Records from a data source
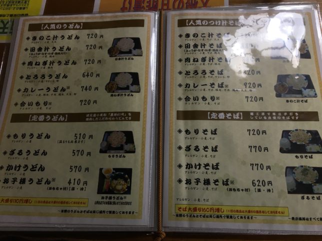 少々暗いが同店のお品書き。自慢は地粉「農林61号」を用いた手打ちうどんで、地元特産の醤油を用いて古くから地域で食べられてきた味を提供している。
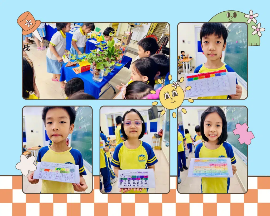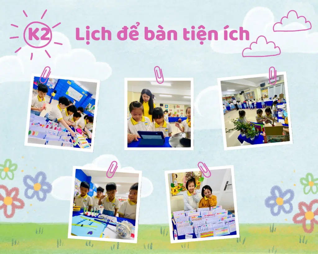 Các bạn nhỏ lớp 2 tham dự triển lãm STEAM ở trường nhưng không quên “khoe” sản phẩm của lớp mình, đó là tự tay thiết kế những bộ “Lịch để bàn tiện ích” để chào đón năm mới! 🎨
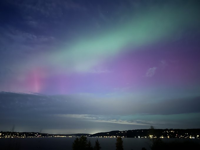 Aurora Borealis as seen from the office roof this evening over Lake Washington! High clouds will continue to increase tonight, but any breaks in the clouds will allow for the northern lights to be visible. #WAwx https://t.co/IUeqS5cZ4T pic.twitter.com/itM8oIJrNL
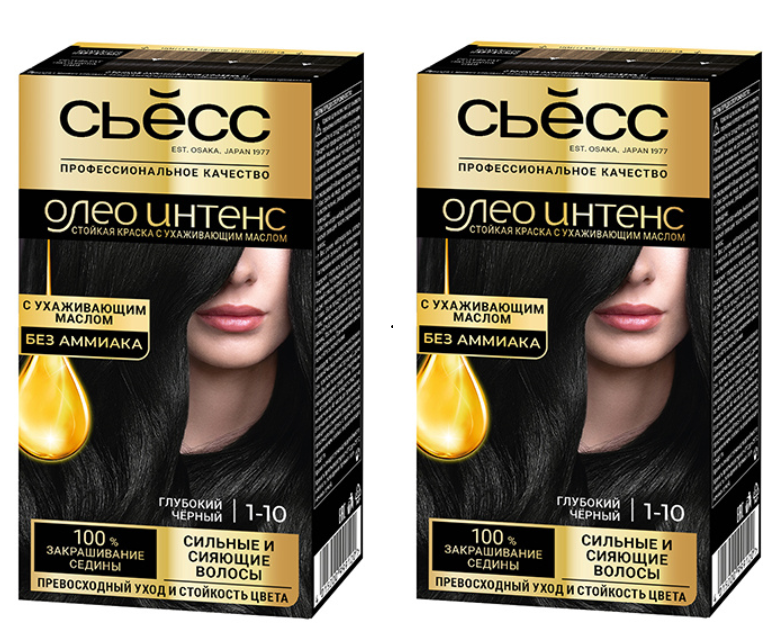 Стойкая краска для волос с маслом-активатором Syoss Oleo Intense Глубокий чёрный 1-10. Превосходный уход & стойкость цвета: Бережная формула без аммиака заботится о волосах в процессе окрашивания и профессионально закрашивает до 100% седины. Ухаживающие масла помогают окрашивающему пигменту проникнуть глубоко в структуру волоса для интенсивного и стойкого результата. Сильные & сияющие здоровьем волосы: Кондиционер содержит ухаживающее аргановое масло, известное тем, что делает волосы более мягкими, шелковистыми и сияющими. Оно интенсивно ухаживает за волосами после окрашивания для того, чтобы Ваши волосы были сильными & сияющими здоровьем. Комплект из 2 упаковок
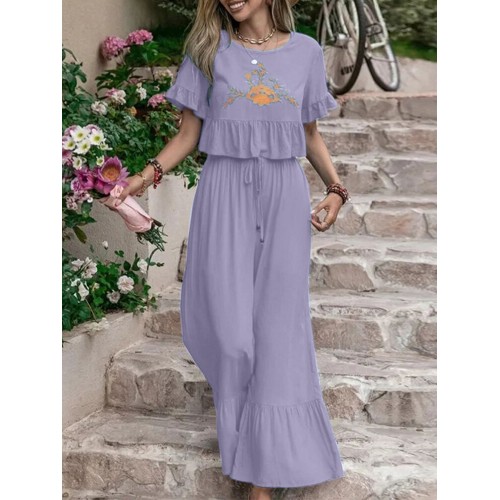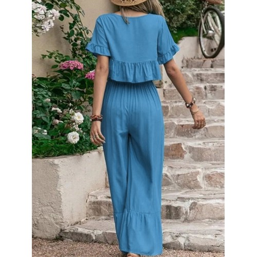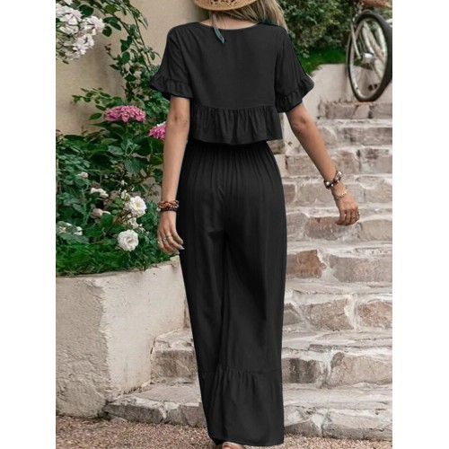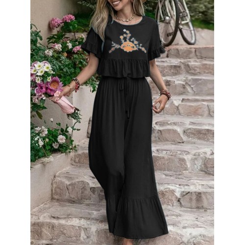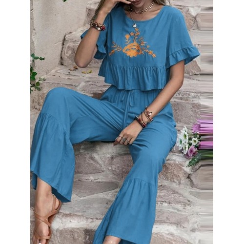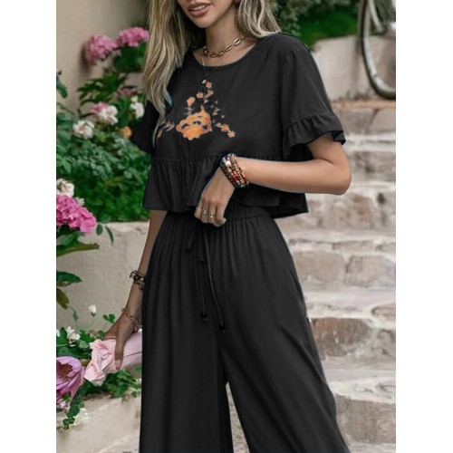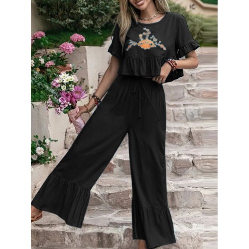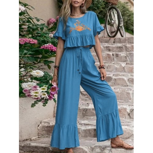 Embroidery Drawstring Waist Ruffle Wide Leg Two Pieces Suit
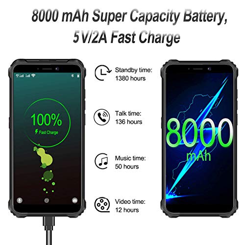 OUKITEL WP5 8000mAh Battery IP68 Waterproof Rugged Smartphone, 5.5in HD+ 4GB 32GB Unlocked, Face ID Fingerprint Triple Camera Global Version 4G LTE GSM Cell Phone (Black)
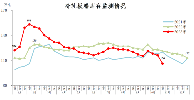 11月上旬,冷軋板卷庫存106萬噸,環比減少10萬噸,下降8.6%,庫存降幅加深;比年初減少7萬噸,下降6.2%;比上年同期減少15萬噸,下降12.4%。
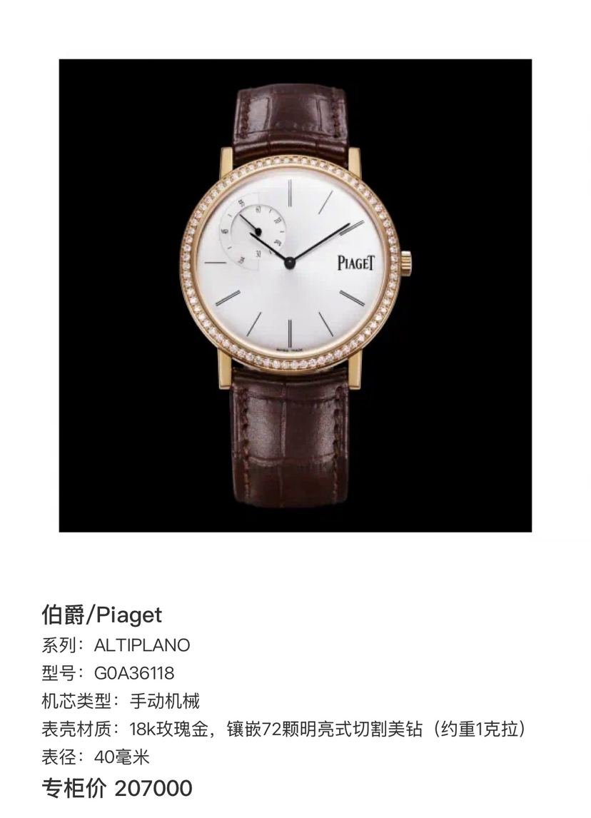 伯爵/Piaget ALTIPLANO G0A36118 手动机械 18k玫瑰金,镶嵌72颗明亮式切割美钻(约重1克拉) 40毫米 专柜价207000 17年保卡

▶ Task to complete: With the pictures omitted, reproduce the records in full and exactly.

▶ Task output:
 少々暗いが同店のお品書き。自慢は地粉「農林61号」を用いた手打ちうどんで、地元特産の醤油を用いて古くから地域で食べられてきた味を提供している。
 Các bạn nhỏ lớp 2 tham dự triển lãm STEAM ở trường nhưng không quên “khoe” sản phẩm của lớp mình, đó là tự tay thiết kế những bộ “Lịch để bàn tiện ích” để chào đón năm mới! 🎨
 Aurora Borealis as seen from the office roof this evening over Lake Washington! High clouds will continue to increase tonight, but any breaks in the clouds will allow for the northern lights to be visible. #WAwx https://t.co/IUeqS5cZ4T pic.twitter.com/itM8oIJrNL
 Стойкая краска для волос с маслом-активатором Syoss Oleo Intense Глубокий чёрный 1-10. Превосходный уход & стойкость цвета: Бережная формула без аммиака заботится о волосах в процессе окрашивания и профессионально закрашивает до 100% седины. Ухаживающие масла помогают окрашивающему пигменту проникнуть глубоко в структуру волоса для интенсивного и стойкого результата. Сильные & сияющие здоровьем волосы: Кондиционер содержит ухаживающее аргановое масло, известное тем, что делает волосы более мягкими, шелковистыми и сияющими. Оно интенсивно ухаживает за волосами после окрашивания для того, чтобы Ваши волосы были сильными & сияющими здоровьем. Комплект из 2 упаковок
 Embroidery Drawstring Waist Ruffle Wide Leg Two Pieces Suit
 OUKITEL WP5 8000mAh Battery IP68 Waterproof Rugged Smartphone, 5.5in HD+ 4GB 32GB Unlocked, Face ID Fingerprint Triple Camera Global Version 4G LTE GSM Cell Phone (Black)
 11月上旬,冷軋板卷庫存106萬噸,環比減少10萬噸,下降8.6%,庫存降幅加深;比年初減少7萬噸,下降6.2%;比上年同期減少15萬噸,下降12.4%。
 伯爵/Piaget ALTIPLANO G0A36118 手动机械 18k玫瑰金,镶嵌72颗明亮式切割美钻(约重1克拉) 40毫米 专柜价207000 17年保卡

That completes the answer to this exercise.